Old Year, New Year - Seeing His Blessings!

     My family likes to hike on Christmas day each year. It's a sort of unspoken family tradition; we seem to have a lot of those. :) But to be honest, this one has never been one of my favorites.

     Hiking is great in the spring and summer, but I've never been super excited about walking out into the cold when I could be curled up on the couch, in my pajamas, with a cup of home-made spiced tea. (Kudos to my talented Mama. :) So this year, the call came for us kids to get our shoes and coats on, and with a fair share of subtle foot dragging and mumbling, we complied. Although, I must confess, at least 60% of the silent complaining came from me. The kids didn't mind so much, 'cause they got to ride their bikes. Mine doesn't work super well. Grumble, grumble, grumble.

     After we got started, I realized that I hadn't brought anything to cover my ears against the biting wind either. Bother it all. And I didn't want to put on my hood, because these random buttons on it like to get tangled in my hair. It was a beautiful, beautiful day, but I kept staring down at the tips of my shoes, trudging on in a bubble of grouchiness, while my siblings sped off ahead, and my parents talked and laughed behind me.

     ....Let me tell you something. I am almost convinced that there is a special little angel in heaven that God sends to talk to me when I'm like this. We are very well acquainted. He comes down with a flutter of friendly featheriness, sits on my shoulder, leans close to my ear and whispers.....

"Talia.....c'mon, that's stupid."

      And it snaps me strait out of my Scarlett O'Hara act, and into a sheepish apology.
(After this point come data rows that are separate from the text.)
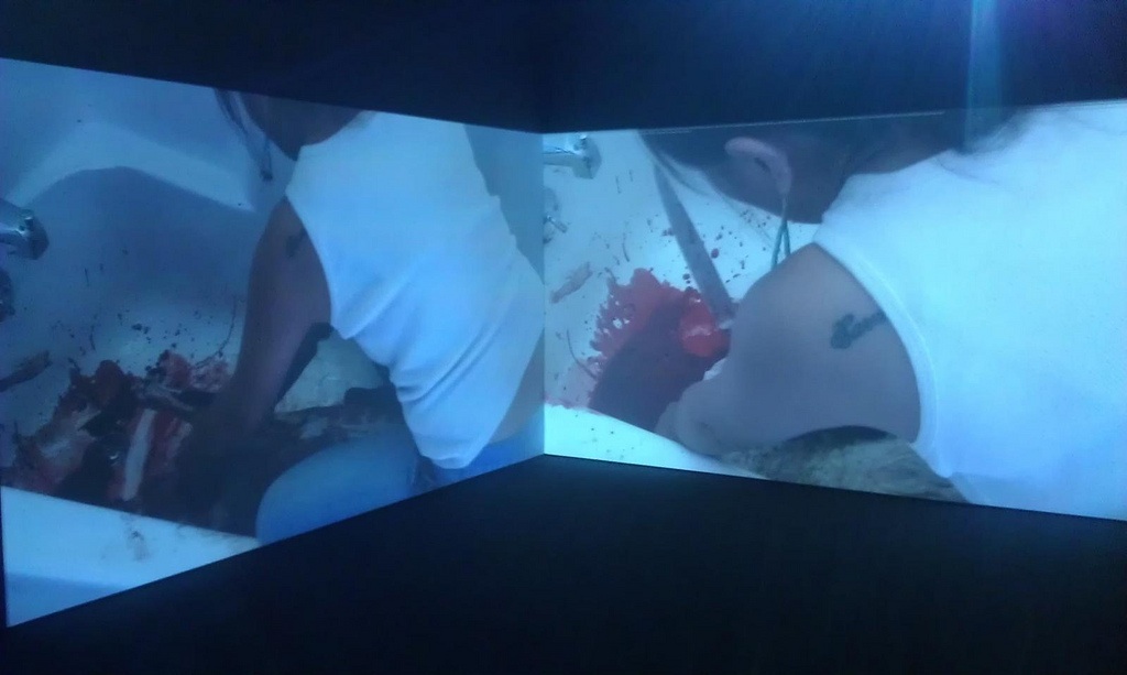 A video of a Native American ritual lamb slaughter in a motel bathtub, by Postcommodity, is a jolting displacement. In a way, this gory ritual elevates the seedy motel and its anonymity into a sacred place. At the same time the artists confront our (and PETA’s ? ) squeamish and romanticized misinterpretation of native peoples and their relationship to the earth and our fellow beasts.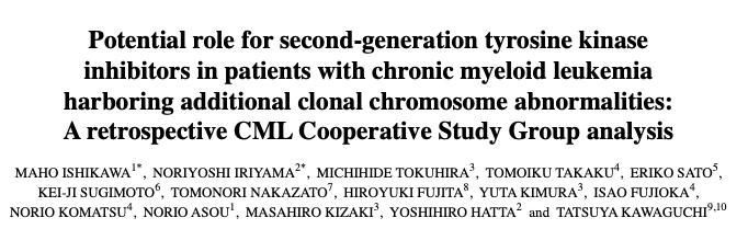 ★ Potential role for second‑generation tyrosine kinase inhibitors in patients with chronic myeloid leukemia harboring additional clonal chromosome abnormalities: A retrospective CML Cooperative Study Group analysis.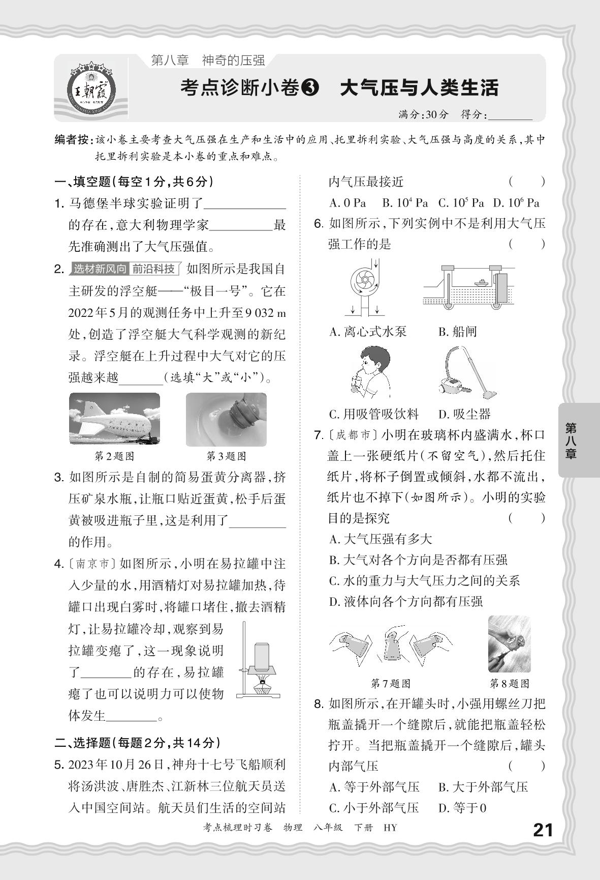 2024春下册八年级物理沪粤版 第八章 考点诊断小卷3 大气压与人类生活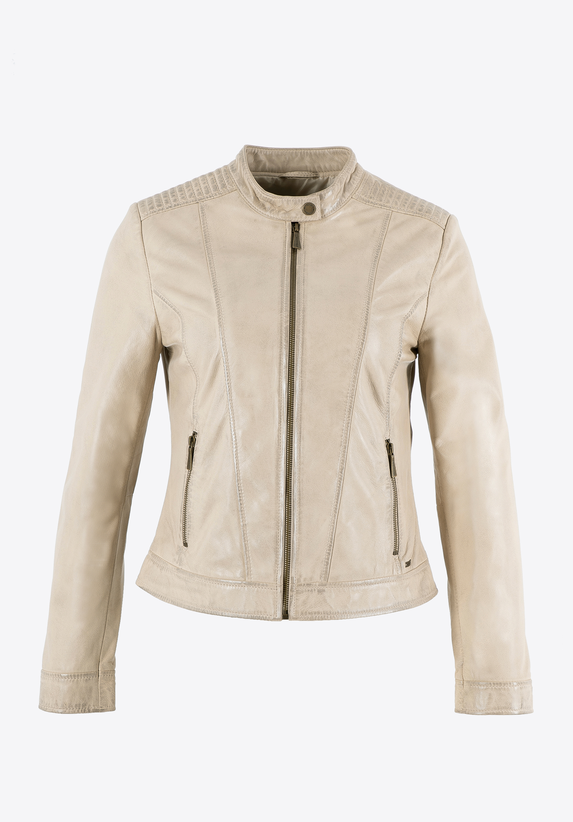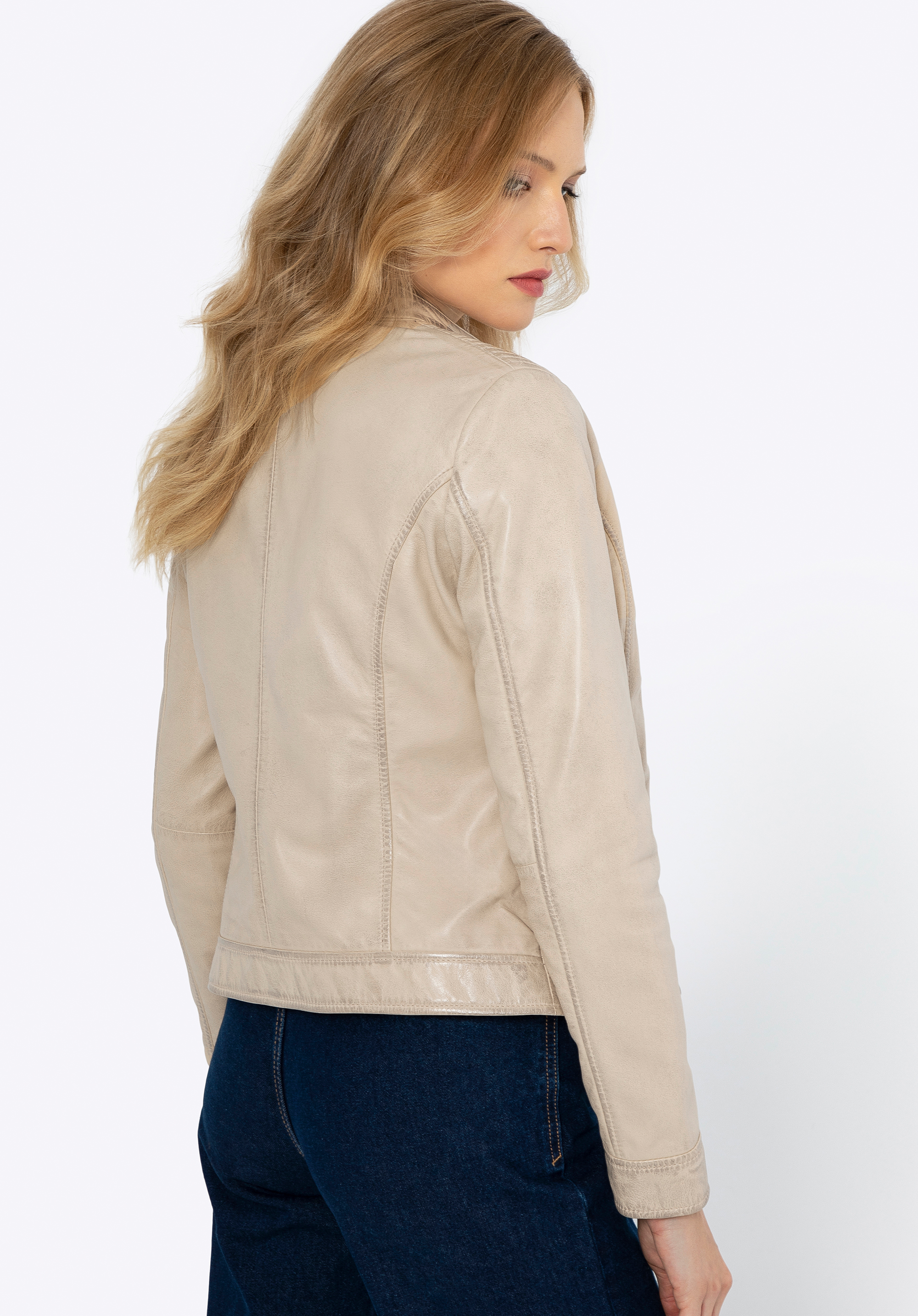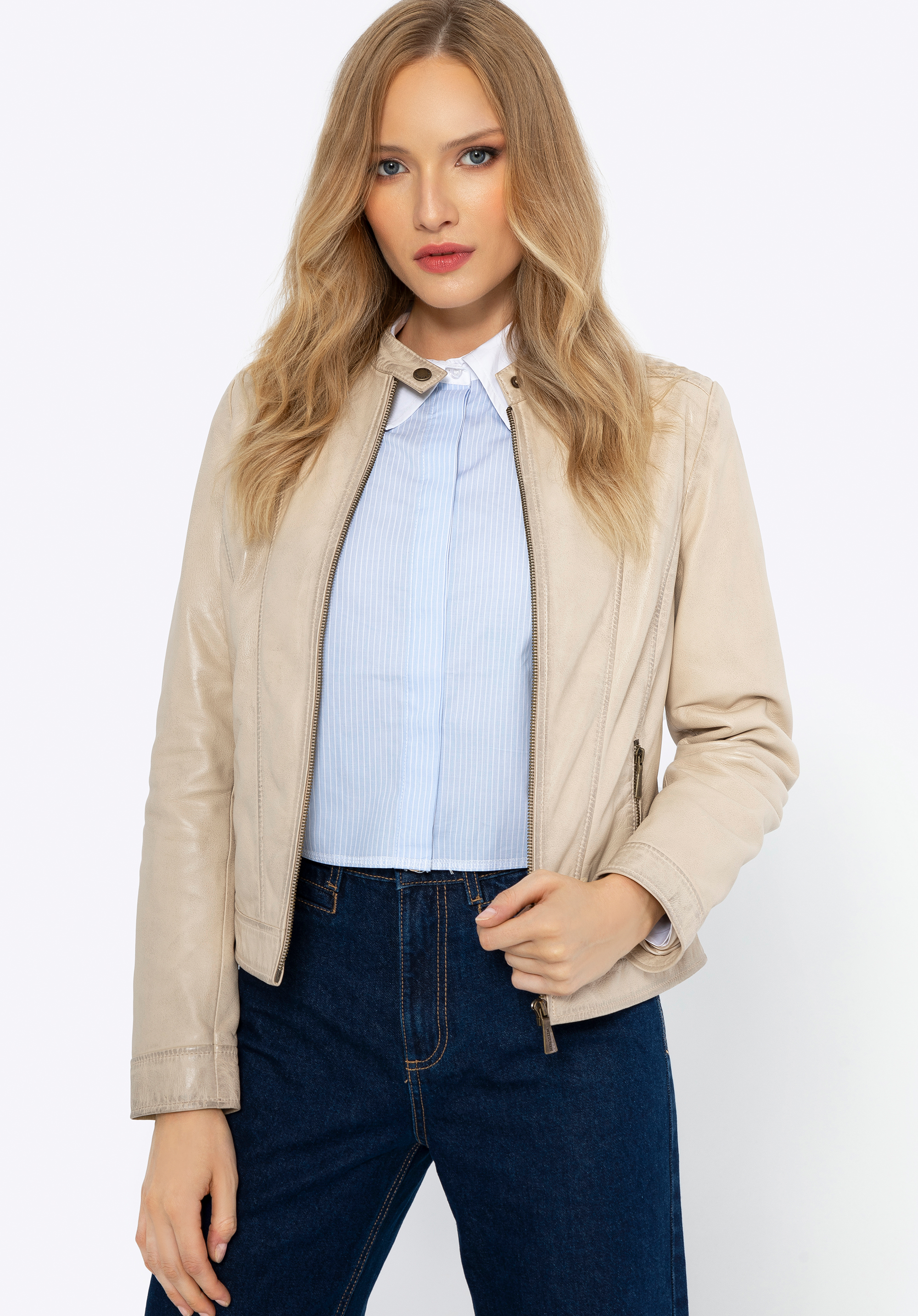 Táto klasická kožená bunda je povinnou výbavou každej ženy, ktorá si cení pohodlie a nadčasový štýl. Vyrobená z vysokokvalitnej, mäkkej a jemnej ovčej kože, zaručuje dlhodobé používanie. Kožená bunda nikdy nevyjde z módy vďaka vlastnosti ušľachtilého starnutia. V priebehu rokov získa vintage vzhľad, po ktorom mnohí túžia. Tento luxusný materiál sa vyznačuje priedušnými vlastnosťami, vďaka ktorým sa bunda pohodlne používa. Kratší strih bundy vám poskytne väčšiu voľnosť, zatiaľ čo zvýraznený pás vyzdvihne vaše ženské kvality. Zapína sa jednoduchým zipsom v odtieni mosadze, ktorý krásne ladí s farbou bundy. Tento model má na prednej strane dve vrecká so zipsami, ktoré pojmú vaše najnevyhnutnejšie drobnosti. Vďaka stojačiku so zapínaním na patentný gombík krásne zvýrazníte váš krk a prešívanie na ramenách oživí aj ten najjednoduchší outfit.

There's nothing quite so humbling as remembering that God is with you all the time, and you just spent the last fifteen minutes complaining that you aren't the center of the world. Lol. And actually, I know that that is the Holy Spirit, not a cherub; but that really just makes things all the more convicting. :) A friend had recently reminded me of the importance of praise and thanks, and how it changes everything around you so beautifully, so I gave it a shot, starting with thanks. My question was this: what things, that are absolutely necessary for me to have in order to be on this hike with my family, am I thankful for?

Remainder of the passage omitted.